_PROVIDED MATERIAL:_
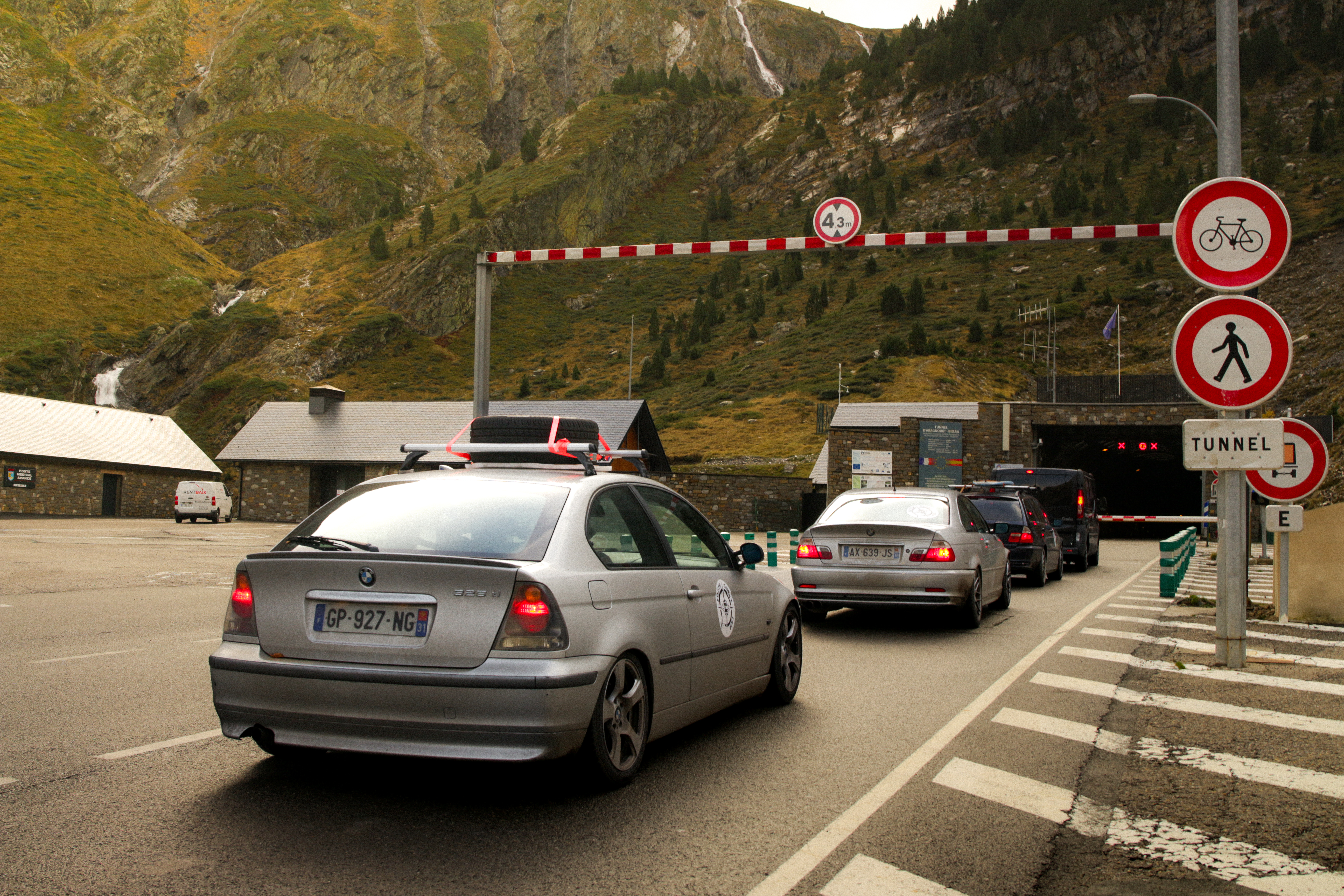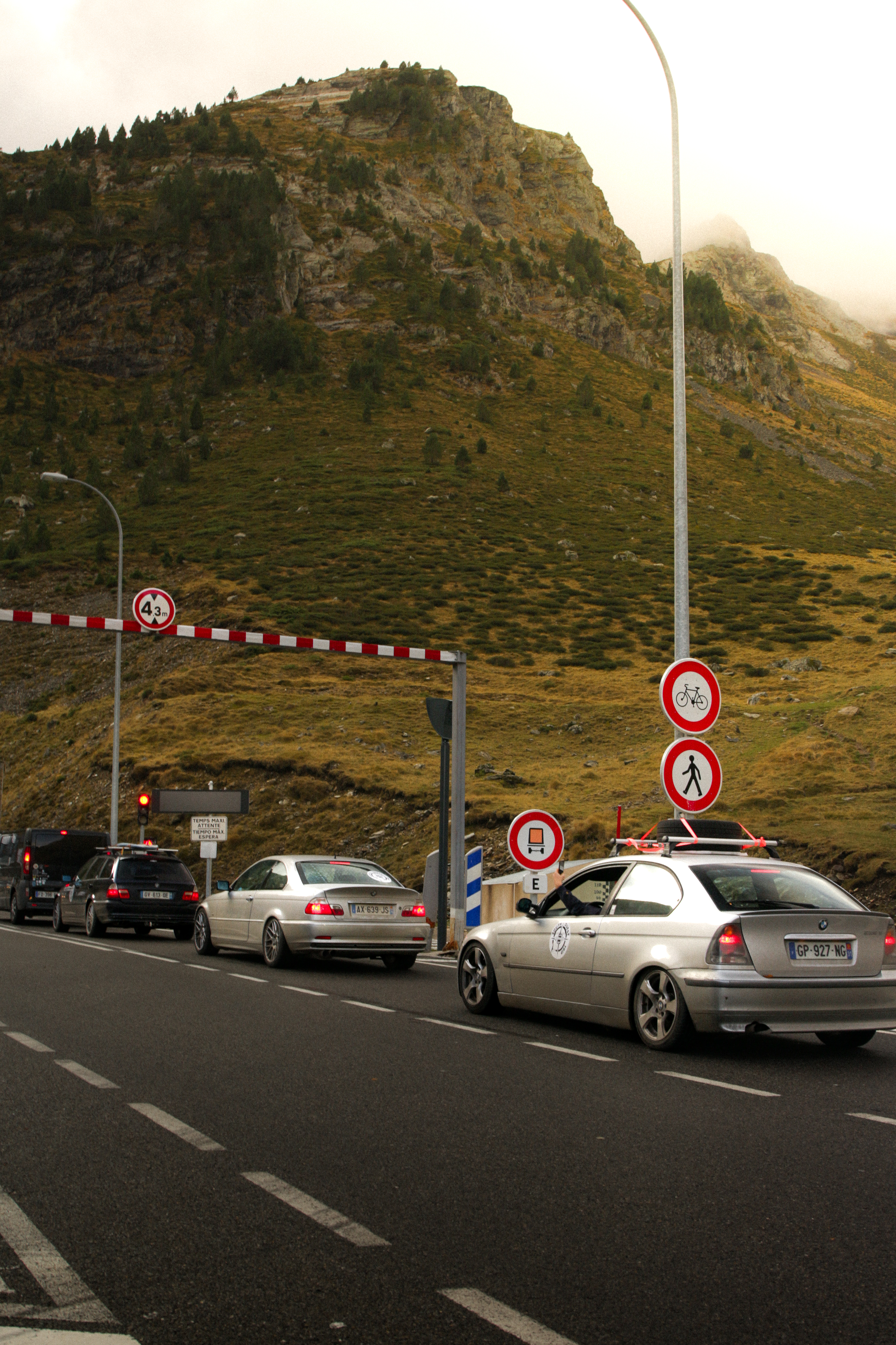 As the day rises again over the Hourquette d’Ancizan, we watch the Vallée d’Aure wake up, draped in yellow and orange. Going down, Pierre and Momo top off with E85, and we take one last break before Spain for breakfast.
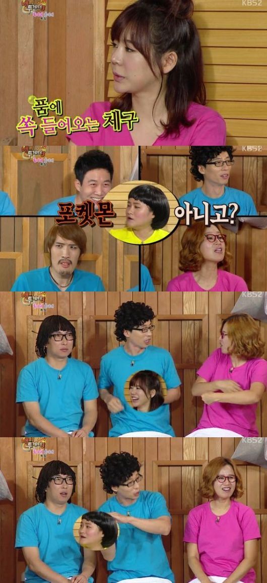 유재석은 28일 오후 방송된 KBS 2TV '해피투게더3'에서 "넣고 싶은 데가 다르다"며 "써니는 주머니에 넣고 싶고, 신영은 집안 서랍에"라고 말했다.
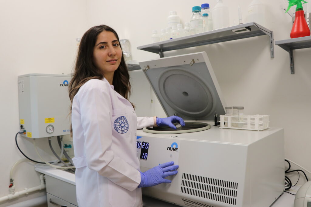 Begüm Esra Aytan: Tüm besiyer çalışmalarımızın hazırlanması için kullandığımız suyu distile su cihazlarından alıyoruz. Reaktörde büyük ölçekte üretim yaptığımızda hücreleri çöktürmek sonrasında onlardan izolasyon yapmak için soğutmalı santrifüjü kullanıyoruz. Parçalıyoruz, tekrar çöktürüyoruz, içinden enzimleri çekiyoruz. Otoklavı; besiyerin hazırlığında tüm malzemelerin sterilizasyonunda, reaktörün sterilizasyonunda kullanıyoruz. Mikro santrifüjü ise küçük boyuttaki çalışmalarımız için kullanıyoruz. Örneğin DNA izolasyonu yaparken, bakterilerle özel olarak bir enzim analiz edeceksek, az miktarda hücre kültüründen protein elde ederken ve enzimi izole ederken kullanıyoruz.

_ABOUT THIS TASK:_ What you need to retype is every line from the one that has "유재석은 28일 오후" through the last line of the listing, both included, with the pictures left out.

_ANSWER TO THIS TASK:_
 유재석은 28일 오후 방송된 KBS 2TV '해피투게더3'에서 "넣고 싶은 데가 다르다"며 "써니는 주머니에 넣고 싶고, 신영은 집안 서랍에"라고 말했다.
 Begüm Esra Aytan: Tüm besiyer çalışmalarımızın hazırlanması için kullandığımız suyu distile su cihazlarından alıyoruz. Reaktörde büyük ölçekte üretim yaptığımızda hücreleri çöktürmek sonrasında onlardan izolasyon yapmak için soğutmalı santrifüjü kullanıyoruz. Parçalıyoruz, tekrar çöktürüyoruz, içinden enzimleri çekiyoruz. Otoklavı; besiyerin hazırlığında tüm malzemelerin sterilizasyonunda, reaktörün sterilizasyonunda kullanıyoruz. Mikro santrifüjü ise küçük boyuttaki çalışmalarımız için kullanıyoruz. Örneğin DNA izolasyonu yaparken, bakterilerle özel olarak bir enzim analiz edeceksek, az miktarda hücre kültüründen protein elde ederken ve enzimi izole ederken kullanıyoruz.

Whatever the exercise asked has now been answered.